Truss allies call for doubling of income tax threshold
ALLIES of Liz Truss have urged Rishi Sunak to adopt major income tax cuts suggested to him by Dominic Cummings.
Senior Tories who back Ms Truss’s economic agenda called on the Government to help the “squeezed middle” by almost doubling the threshold at which people pay the 40 per cent rate of income tax.
Their remarks come after it emerged that Mr Sunak held two secret meetings with Mr Cummings in Dec 2022 and July 2023 in an attempt to revive his fortunes.

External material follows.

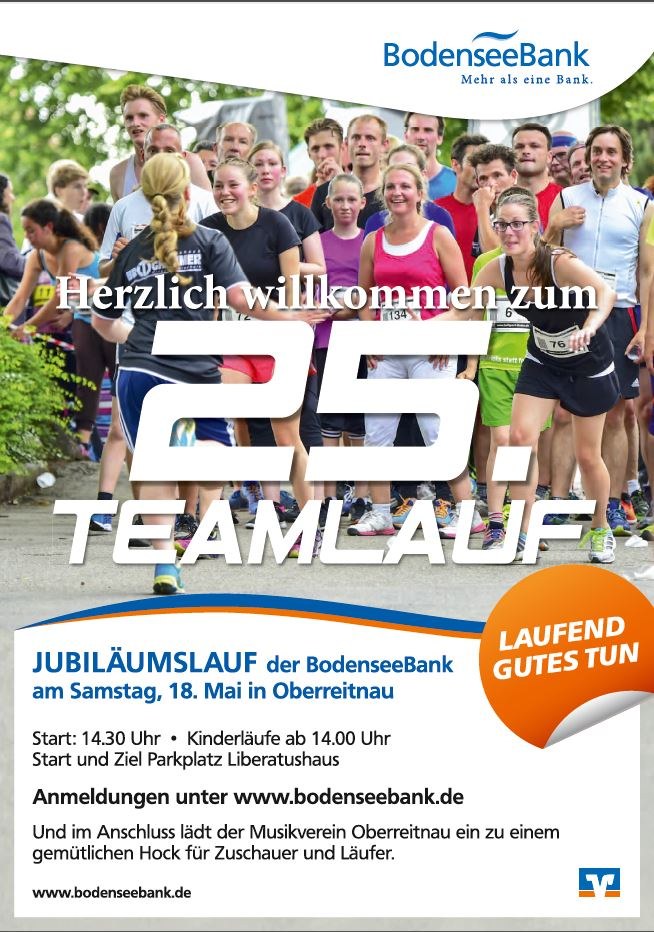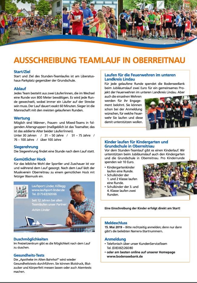 Dann veranstaltet die Bodenseebank in Oberreitnau einen Teamlauf der den Feuerwehren im unteren Landkreis Lindau zugute kommt.

The controversial political strategist used the talks to tell the Prime Minister to reverse tax rises introduced by Boris Johnson, his former boss, and raise the 40p income tax threshold from £50,271 to £100,000, The Sunday Times reported.
Mr Sunak used his new year message to promise further tax cuts this year after he cut employee National Insurance by 2 per cent at the Autumn Statement, which will take effect on Saturday.

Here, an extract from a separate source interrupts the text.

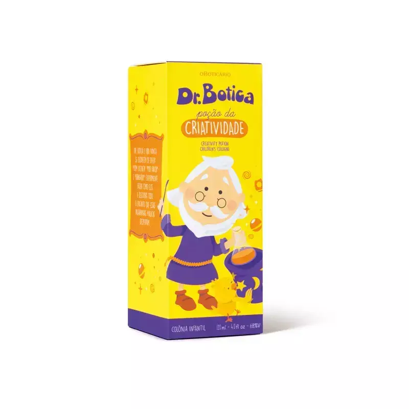 Dr. Botica Poção da Criatividade Colônia Infantil Fragrância frutal possui o exclusivo acorde Solar Frozen que, que contém notas de manga, laranja-lima e melão. O resultado dessa mistura é uma fragrância divertida, brilhante, energizante e fresca.

Ranil Jayawardena, the chairman of the low-tax Conservative Growth Group caucus of 55 MPS, told The Daily Telegraph: “The Conservatives have helped the lowest paid by taking them out of tax altogether and cutting National Insurance too.

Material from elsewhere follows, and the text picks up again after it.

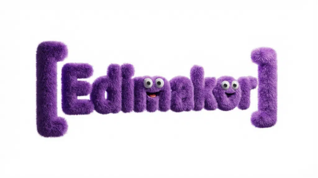 Render the cute letters “[Edimakor]” as a fluffy character, using the letter shapes as the main body structure. Add expressive moving eyes and a cheerful mouth. Cover the entire character with dense purple plush fur resembling high-quality stuffed toys, with photorealistic fiber detail.

“So it is right that we now help the squeezed middle – the police sergeants, experienced schoolteachers and junior doctors – who shouldn’t be paying 40 per cent tax by lifting that threshold.”
Kwasi Kwarteng, who was Ms Truss’s chancellor, described the proposals suggested by Mr Cummings as “sensible” but warned: “The officials at the Treasury will resist it.”
The suggestion from Mr Cummings was also backed by David Jones, a former cabinet minister, and Sir Alec Shelbrooke, a longstanding ally of Ms Truss who was knighted last week in her resignation honours list.
Ms Truss, who with Mr Kwarteng unveiled a number of sweeping tax cuts during her short-lived premiership, has called for 2024 to be “the year of the conservative fightback for freedom, sovereignty and self-determination”.